**Data for processing**
*** Block opens ***

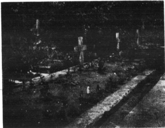
Żołnierskie groby na cmentarzu w Gąbinie

Ku czci poległych wystawiono pomnik. Na wielu mogiłach wryte są nazwiska poległych żołnierzy.
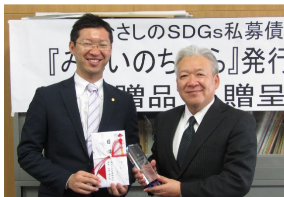
(左)會田専務 (右)永岡校長
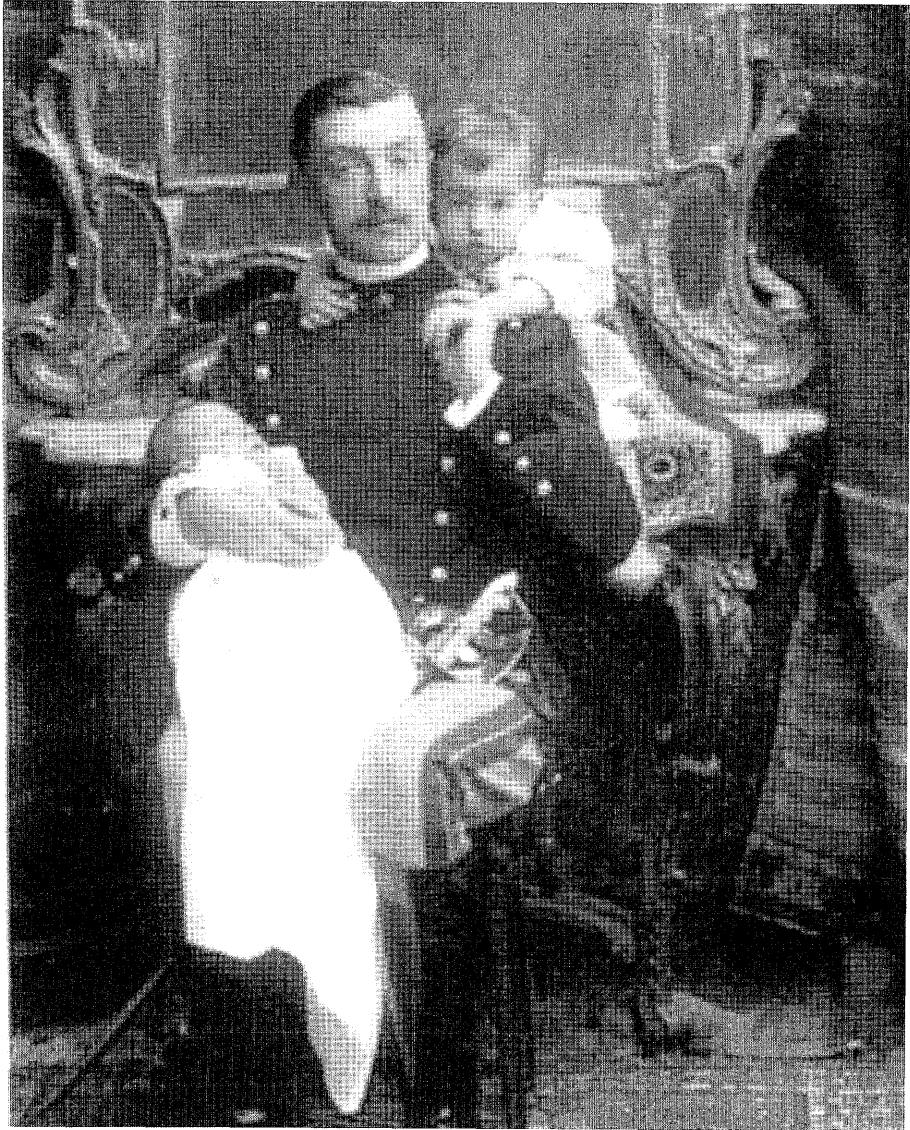
Príncipe Emanuele Filiberto de Saboya-Aosta, II Duque de Aosta, con sus hijos los príncipes Amedeo y Aimone.
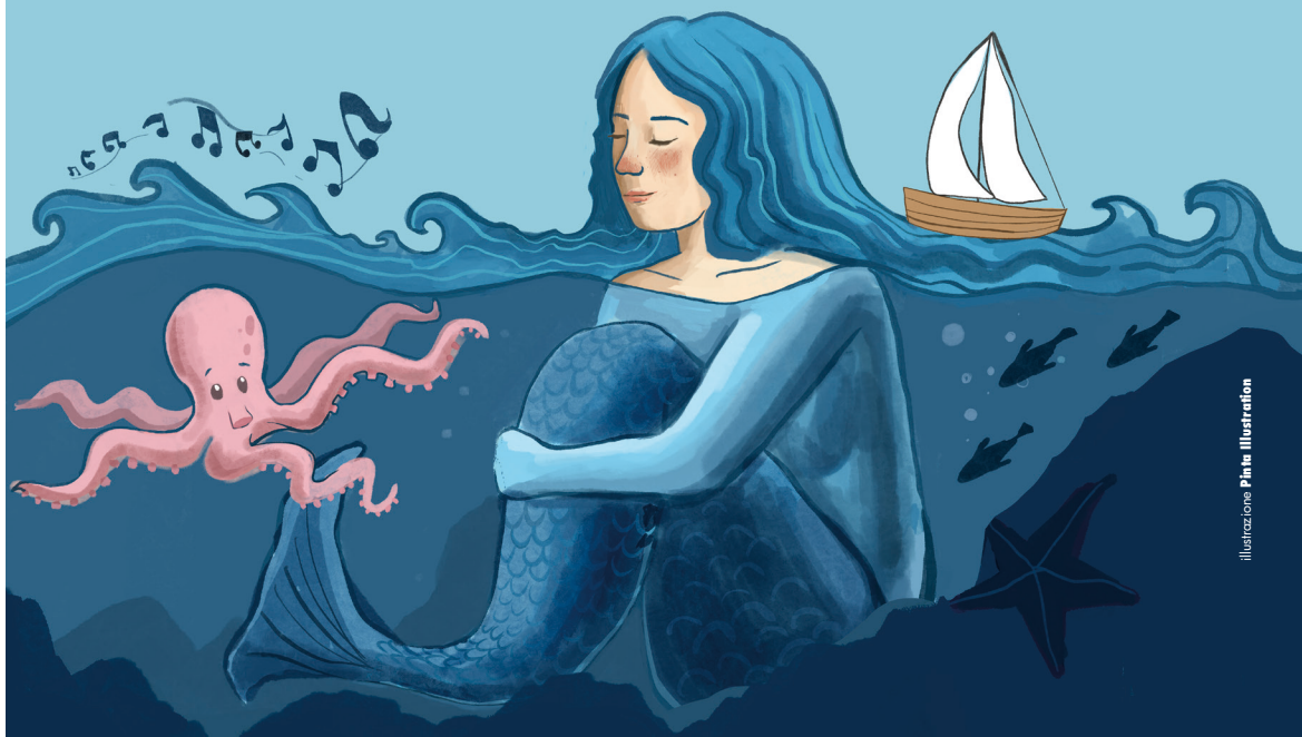
illustrazione Pinta Illustration

*** Block closes ***

**What is needed**
Your reply should hold only the lines from the one that contains "(左)會田専務 (右)永岡校長" through the last line of the records above, exact and complete, and no pictures.

**Answer box**
(左)會田専務 (右)永岡校長
Príncipe Emanuele Filiberto de Saboya-Aosta, II Duque de Aosta, con sus hijos los príncipes Amedeo y Aimone.
illustrazione Pinta Illustration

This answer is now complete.